Disregarding corporate personality of husband-and-wife companies

Judicial authorities proceed to experience a practical predicament in determining to disregard identity of partner-and-spouse companies in disputes. In this article, the creator empirically analyses the problem based mostly on judgments and case details.


The author carried out a lookup on precedents regarding disputes of spouse-and-wife businesses from 1 January 2020 to 31 Oct 31 2021 utilizing search phrases of “husband-and-wife company”, “one-man or woman company” and “joint and numerous liability”. A whole of 185 closed civil instances came up. Right after excluding recurring and invalid circumstances, 74 scenarios remained, together with 13 continue to in execution treatments.

Geographically, the leading 3 provinces with the most situations were Guangdong (22 scenarios), Shandong (12) and Zhejiang (6).

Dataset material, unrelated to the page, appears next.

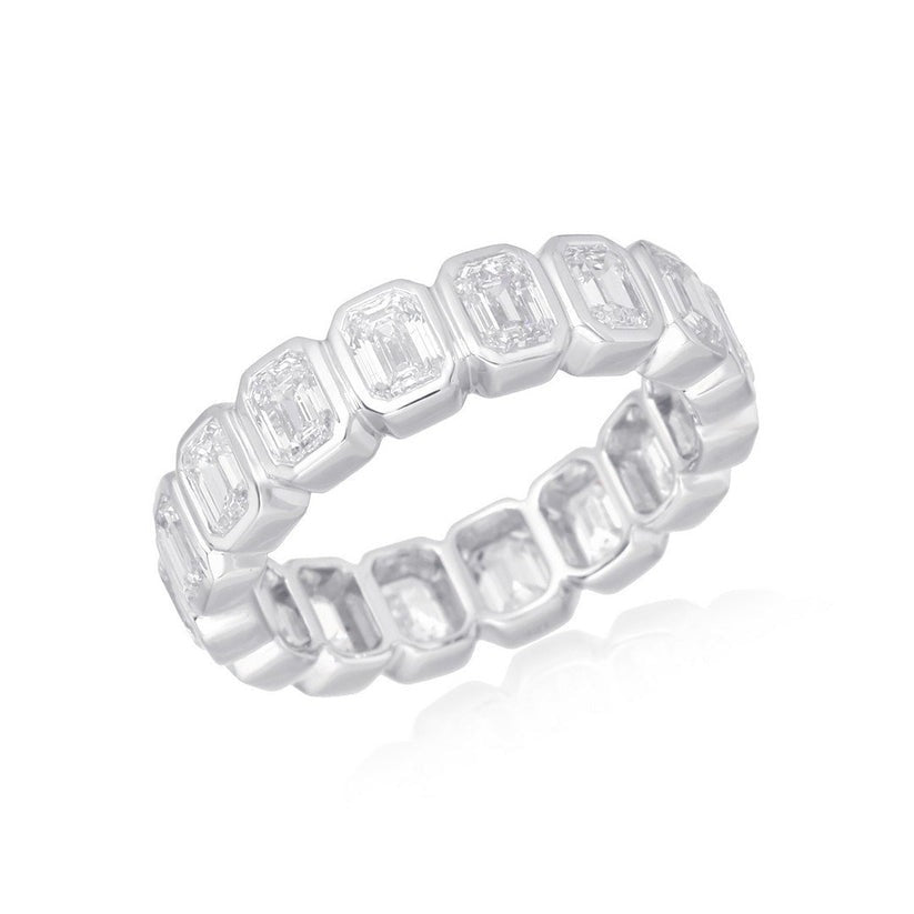 Bold Band 18K White Gold Emerald Cut Diamond Bezel Style Ring

Among the Guangdong scenarios, 12 have been in Foshan, all of which disregarded the persona of husband-and-wife companies.

Amid the overall 74 cases, 35 (47%) ended up next-instance circumstances, of which only two revised the 1st-instance judgment, indicating an extremely very low revision price.

In 48 (65%) of the 74 instances, persona of partner-and-spouse corporations was disregarded. In 43 of these instances, partner-and-spouse businesses ended up expressly identified as essentially a single-particular person organizations, accounting for about 90%.

Temperament PRESERVED

In the 26 conditions not supporting disregard of personality of partner-and-spouse corporations, most courts held that a spouse-and-wife company was proven by two shareholders, inconsistent with the formal requirements of just one-particular person companies, generating it tough to use principles on the distribution of stress of proof supplied by the Organization Regulation for just one-human being firms.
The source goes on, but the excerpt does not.